Raw data —
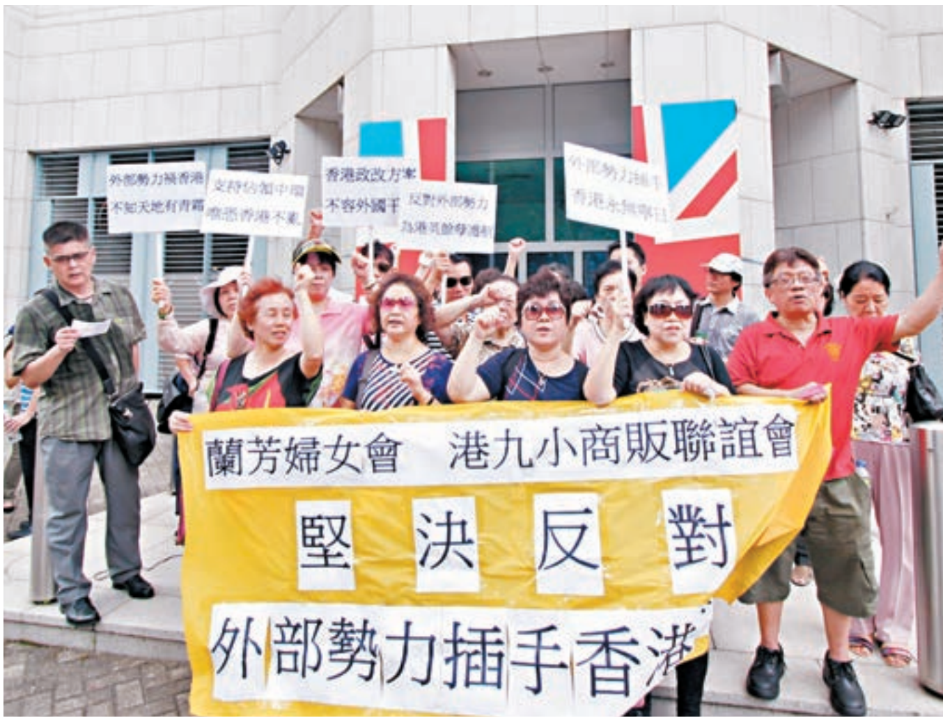
團體早前到美國及英國駐港領事館門外抗議,表示對外國勢力干預香港事務的不滿。

她說:「在基本法及『一國兩制』下,香港特別行政區享有高度自治,包括入境政策及海關等方面。但當涉及外交,就是中央政府處理的事務,所以個
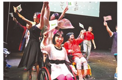
▲障害を感じさせない見事な演技
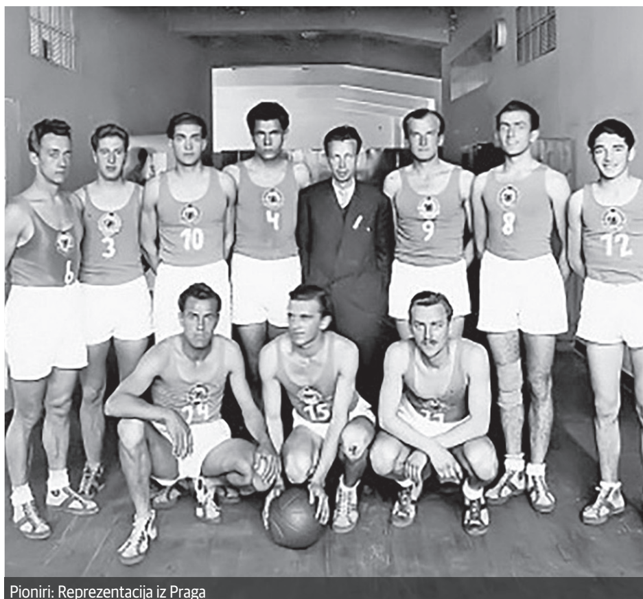
Pioniri: Reprezentacija iz Praga
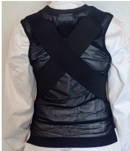
Część przednia (widok od wewnątrz):

Dwie elastyczne taśmy przymocowane do tylnej części:
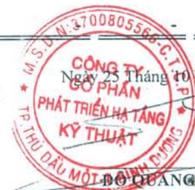
Tổng Giám đốc
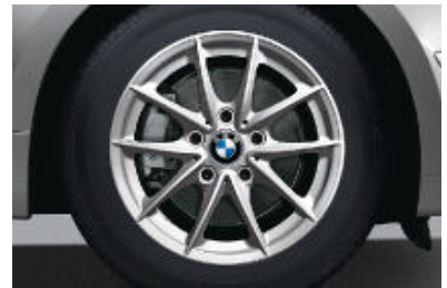
Lichtmetalen BMW wielen in V-spaak styling 360 met noodloopeigenschappen, 7 J x 16 inch, bandenmaat 205/55 R 16.
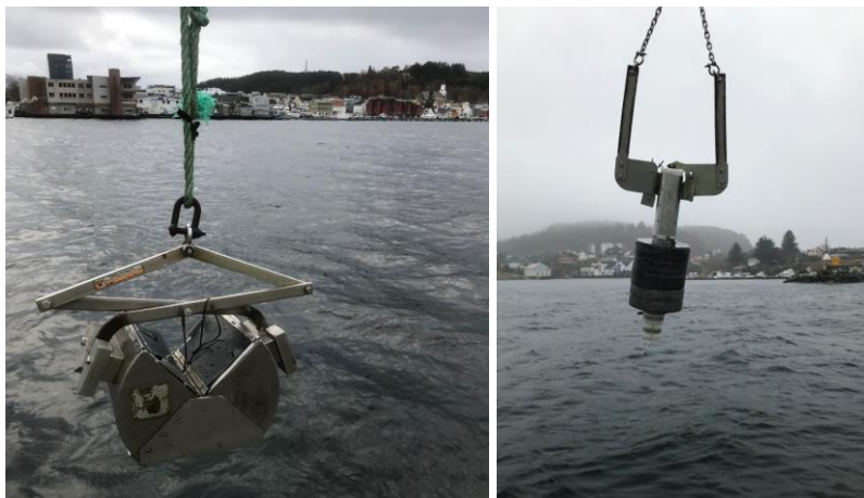
Figur 3. Venstre. Van Veen grabb (0,1 m 2 ) benyttet til prøvetaking i Florø i november 2020. Høyre: Abdullah kjerneprøvetaker med 100 cm lange rør benyttet til prøvetaking i Florø i november 2020.

Når grabbprøvene ble tatt om bord på dekk ble det gjort en visuell beskrivelse av prøven (sedimenttykkelse, lukt, kornfordeling, farge). Deretter ble prøven overført til en rilsanpose eller plastbøtte, forseglet og lagt i en lystett kjølebager. På stasjoner der det ble tatt vellykkete grabbhugg fra flere prøvepunkter, ble representative deler av delprøvene også samlet til en blandprøve for stasjonen. Etter endt feltarbeid ble sedimentprøvene lagret i lystette kjølebager i et kjølerom (ca. 4 °C) hos Rambøll. Blandprøver av sediment fra hver stasjon (eller representativ delprøve, der kun en delprøve ble opparbeidet for stasjonen) ble levert til analyse hos ALS Laboratory Group 11. november 2020.
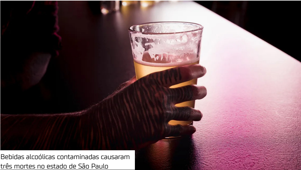
Bebidas alcoólicas contaminadas causaram três mortes no estado de São Paulo

A Prefeitura de São Bernardo do Campo, por meio da Secretaria de Saúde, informou ontem (29) mais uma morte suspeita por ingestão de bebida alcoólica adulterada com metanol, a segunda na cidade.
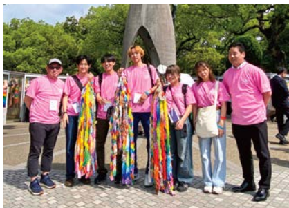
2025年度国際ナショナル・ユースピースセミナーの様子

Problem requirements — Repeat every record above exactly. Omit the pictures.

Response to the task —
團體早前到美國及英國駐港領事館門外抗議,表示對外國勢力干預香港事務的不滿。

她說:「在基本法及『一國兩制』下,香港特別行政區享有高度自治,包括入境政策及海關等方面。但當涉及外交,就是中央政府處理的事務,所以個
▲障害を感じさせない見事な演技
Pioniri: Reprezentacija iz Praga
Część przednia (widok od wewnątrz):

Dwie elastyczne taśmy przymocowane do tylnej części:
Tổng Giám đốc
Lichtmetalen BMW wielen in V-spaak styling 360 met noodloopeigenschappen, 7 J x 16 inch, bandenmaat 205/55 R 16.
Figur 3. Venstre. Van Veen grabb (0,1 m 2 ) benyttet til prøvetaking i Florø i november 2020. Høyre: Abdullah kjerneprøvetaker med 100 cm lange rør benyttet til prøvetaking i Florø i november 2020.

Når grabbprøvene ble tatt om bord på dekk ble det gjort en visuell beskrivelse av prøven (sedimenttykkelse, lukt, kornfordeling, farge). Deretter ble prøven overført til en rilsanpose eller plastbøtte, forseglet og lagt i en lystett kjølebager. På stasjoner der det ble tatt vellykkete grabbhugg fra flere prøvepunkter, ble representative deler av delprøvene også samlet til en blandprøve for stasjonen. Etter endt feltarbeid ble sedimentprøvene lagret i lystette kjølebager i et kjølerom (ca. 4 °C) hos Rambøll. Blandprøver av sediment fra hver stasjon (eller representativ delprøve, der kun en delprøve ble opparbeidet for stasjonen) ble levert til analyse hos ALS Laboratory Group 11. november 2020.
Bebidas alcoólicas contaminadas causaram três mortes no estado de São Paulo

A Prefeitura de São Bernardo do Campo, por meio da Secretaria de Saúde, informou ontem (29) mais uma morte suspeita por ingestão de bebida alcoólica adulterada com metanol, a segunda na cidade.
2025年度国際ナショナル・ユースピースセミナーの様子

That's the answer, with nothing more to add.